A Postgres job queue instead of a message broker
apsis is a small open-source backend I built to predict satellite passes. Like most systems of its kind it has two flavours of background work: something recurring (refresh orbital data on a schedule) and something reactive (when that data changes, recompute the predictions). The reflex answer is a message broker plus a worker framework. I used PostgreSQL for both. Here is the design, and the part that matters more: when I would not.
Two kinds of background work
- Recurring: ingest TLEs (orbital elements) from CelesTrak every couple of hours.
- Reactive: when a satellite’s orbit changes, recompute its passes over every registered ground station.
Why not a broker
- apsis already runs Postgres. A broker is one more service to deploy, secure, monitor, and reason about.
- The reactive work must fire if and only if the database write committed. With a broker that is the dual-write problem: you can commit the row and fail to publish the message, or publish and fail to commit. Inside one database, the event and the write share a single transaction.
Scheduled jobs: one table, a lease, no separate scheduler
There is a scheduled_jobs row per recurring job. A worker polls for due rows and
claims one with a conditional update:
UPDATE scheduled_jobs
SET status = 'RUNNING', lease_until = now() + :lease
WHERE id = :id AND status = 'PENDING' AND next_run_at <= now()
RETURNING job_name, interval_seconds;
Zero rows back means another worker won the race. No row locks are needed because
there are only a handful of jobs. A lease_until column plus a recovery pass
(RUNNING with an expired lease goes back to PENDING) reclaims a job whose
worker crashed mid-run. After the handler finishes, the row is rescheduled to
now() + interval.
The transactional outbox
When TLE ingest changes a satellite, it inserts an outbox_events row in the
same transaction as the update and issues a pg_notify. The event exists if and
only if the business change committed. A separate worker drains the outbox: woken
by LISTEN/NOTIFY, it claims one event with SELECT ... FOR UPDATE SKIP LOCKED LIMIT 1, dispatches it, and commits - one event per transaction, so a second
worker (a replica, a rolling deploy) can never grab the same row. Failures bump a
retry counter with exponential backoff and jitter; past a limit the event is
dead-lettered. Per-handler state stored on the row lets a retry skip the handlers
that already succeeded.
At-least-once, therefore idempotent
Both mechanisms are at-least-once: a worker can do the work and crash before
marking it done. So the handlers are written to be idempotent. recompute_passes
deletes and reinserts the predictions for each (satellite, ground station) pair;
TLE ingest upserts by catalog number. Re-running converges to the same state.
When I would NOT do this
This is the point of the post.
- Very high throughput (tens of thousands of claims per second): row churn and
VACUUMpressure will hurt. Reach for a real broker. - Fan-out to many independent consumers, streaming, or complex routing: that is exactly what brokers are good at.
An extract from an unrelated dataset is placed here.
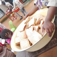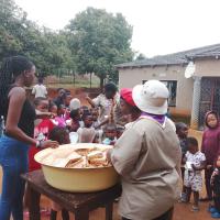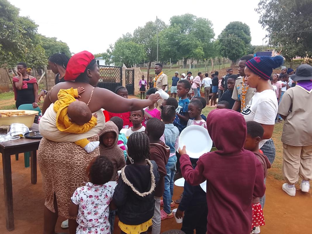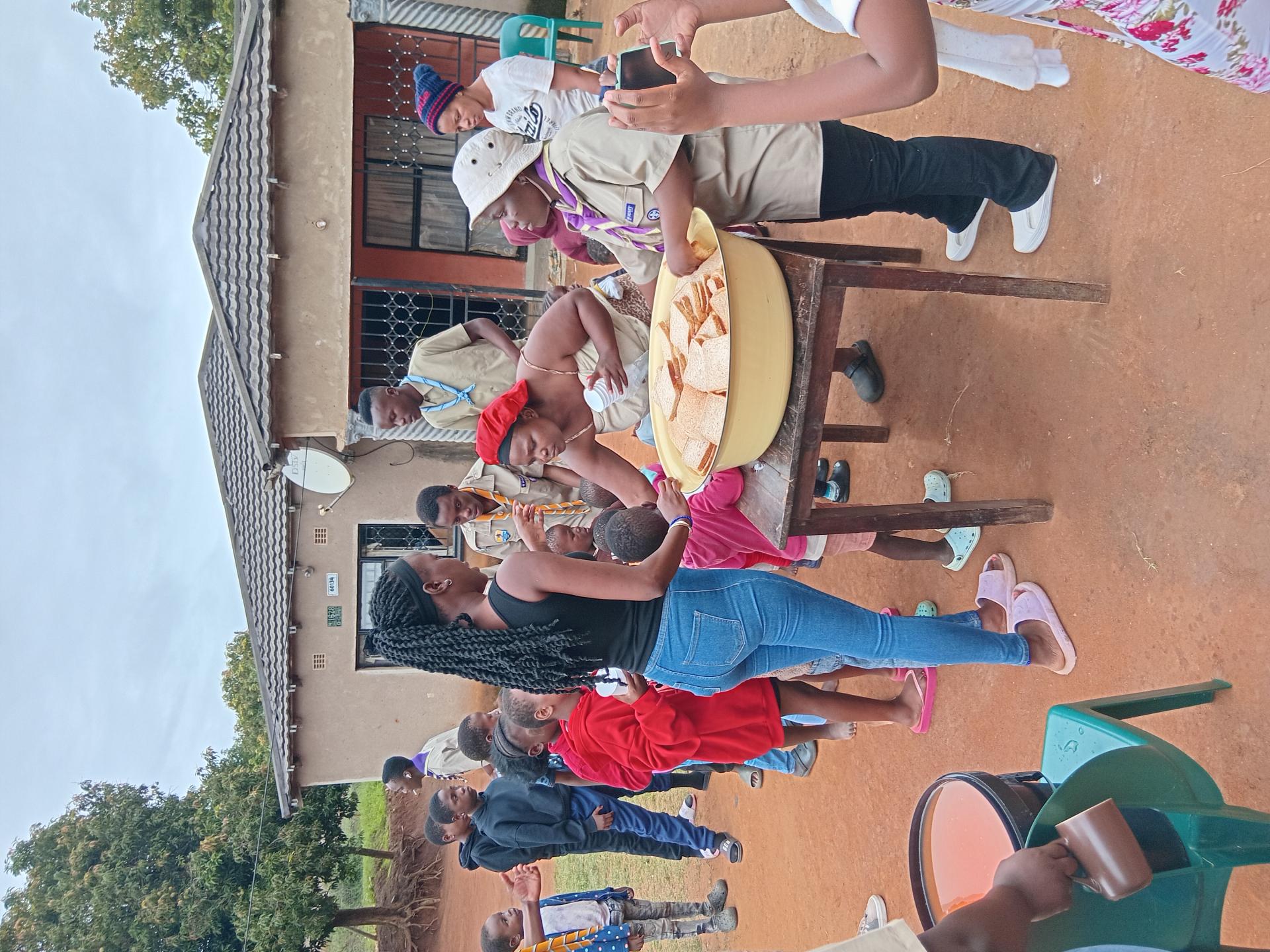 We first arrived at 12pm for setting up. Then we prepared 42 food parcels. While others were preparing for breakfast. Then when they came we first gave the parcels. Then breakfast And the day began the games(sports). Some netball then some soccer the day was fun.

- Consumers in other languages or other services: a database table is a poor integration boundary across teams.
- You are not already running Postgres: do not add it just for this.
For a single service that already owns a Postgres database and needs reliable, transactional background work at a human scale, a table is usually enough - and you can read it, query it, and back it up with the tools you already have.
The full implementation is open source at github.com/aJustDev/apsis; the trade-offs above are written up as ADRs in the repository.